▶ EXERCISE DETAILS
Retype all of the listing exactly, passing over any picture you find.

▶ AVAILABLE DATA
•••••
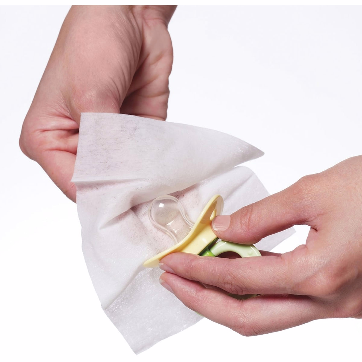 젖꼭지, 잇몸 완화용 물건, 병, 컵, 장난감 또는 식기를 물티슈로 닦아 깨끗해질 때까지 닦습니다.
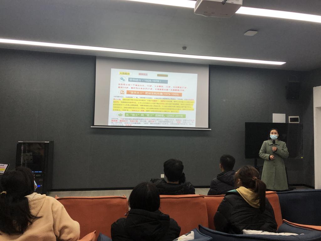 分享会伊始,潘家玲老师分享了周桦著的《褚时健传》。首先,潘老师从早年经历、“烟草大王”的诞生和陨落、从“烟王”向“橙王”的转变对褚时健的人生经历进行了详细介绍;其次分享了褚时健的人生语录;最后潘老师总结了自己读此书的感悟:人活着是要有点精神的,只要活着,希望就一直在;只要活着,就要把每一天安排好,这就是对人生负责。号召学生们学习褚时健的精神,如专注、坚韧不拔、不怕苦、不怕累等,做到持之以恒、即使遭遇“V”字人生,亦能触底反弹。
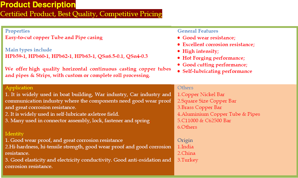 Copper Pipes / Tubes / Strips Product Details: Shape Round Color Red, Brown Payment & Shipping Terms: Price Get Latest Price Minimum Order Quantity: Negotiable Trial Order Port World Wide Packaging Details As per agreement Delivery Time As per agreement Payment Terms L/C, T/T
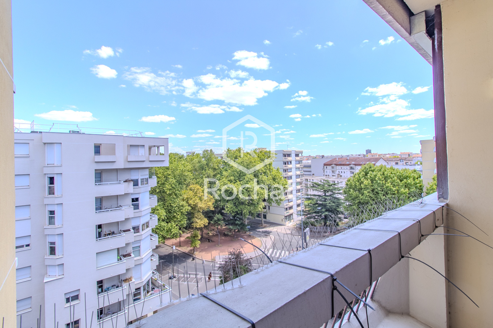 Entrée desservant un vaste séjour ouvrant sur le balcon, cuisine américaine 7,38 m², salle de bains spacieuse et WC indépendant. Belle luminosité au 7e étage, vue dégagée, résidence entretenue avec ascenseur. Environnement pratique : transports (métro B, trams T1/T3/T4, bus), gare Part-Dieu et commerces à proximité immédiate
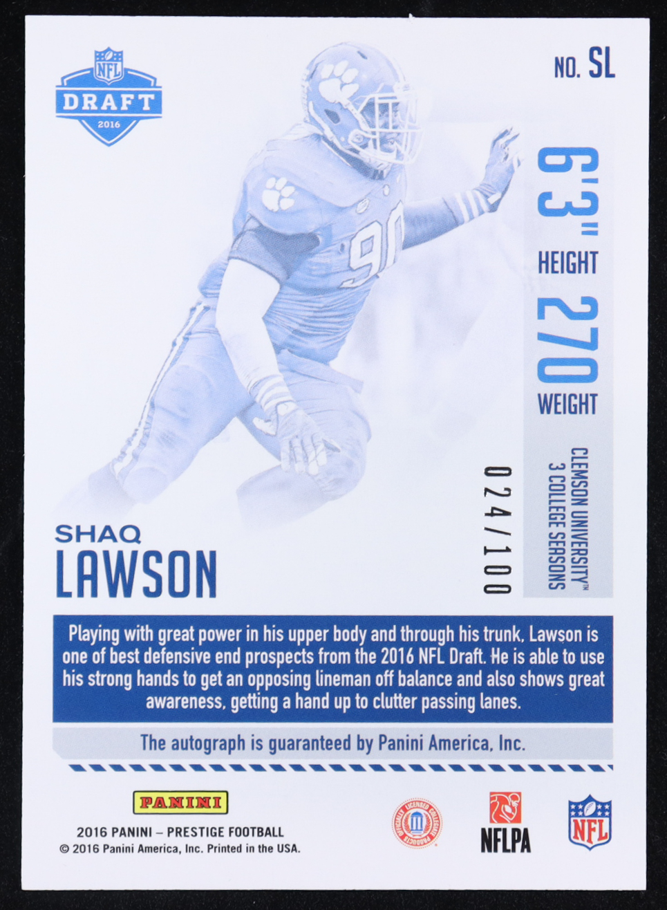 Shaq Lawson 2016 Prestige Rookie Autographs Xtra Points Purple #82 #024/100 RC
•••••
▶ ANSWER BOX
 젖꼭지, 잇몸 완화용 물건, 병, 컵, 장난감 또는 식기를 물티슈로 닦아 깨끗해질 때까지 닦습니다.
 分享会伊始,潘家玲老师分享了周桦著的《褚时健传》。首先,潘老师从早年经历、“烟草大王”的诞生和陨落、从“烟王”向“橙王”的转变对褚时健的人生经历进行了详细介绍;其次分享了褚时健的人生语录;最后潘老师总结了自己读此书的感悟:人活着是要有点精神的,只要活着,希望就一直在;只要活着,就要把每一天安排好,这就是对人生负责。号召学生们学习褚时健的精神,如专注、坚韧不拔、不怕苦、不怕累等,做到持之以恒、即使遭遇“V”字人生,亦能触底反弹。
 Copper Pipes / Tubes / Strips Product Details: Shape Round Color Red, Brown Payment & Shipping Terms: Price Get Latest Price Minimum Order Quantity: Negotiable Trial Order Port World Wide Packaging Details As per agreement Delivery Time As per agreement Payment Terms L/C, T/T
 Entrée desservant un vaste séjour ouvrant sur le balcon, cuisine américaine 7,38 m², salle de bains spacieuse et WC indépendant. Belle luminosité au 7e étage, vue dégagée, résidence entretenue avec ascenseur. Environnement pratique : transports (métro B, trams T1/T3/T4, bus), gare Part-Dieu et commerces à proximité immédiate
 Shaq Lawson 2016 Prestige Rookie Autographs Xtra Points Purple #82 #024/100 RC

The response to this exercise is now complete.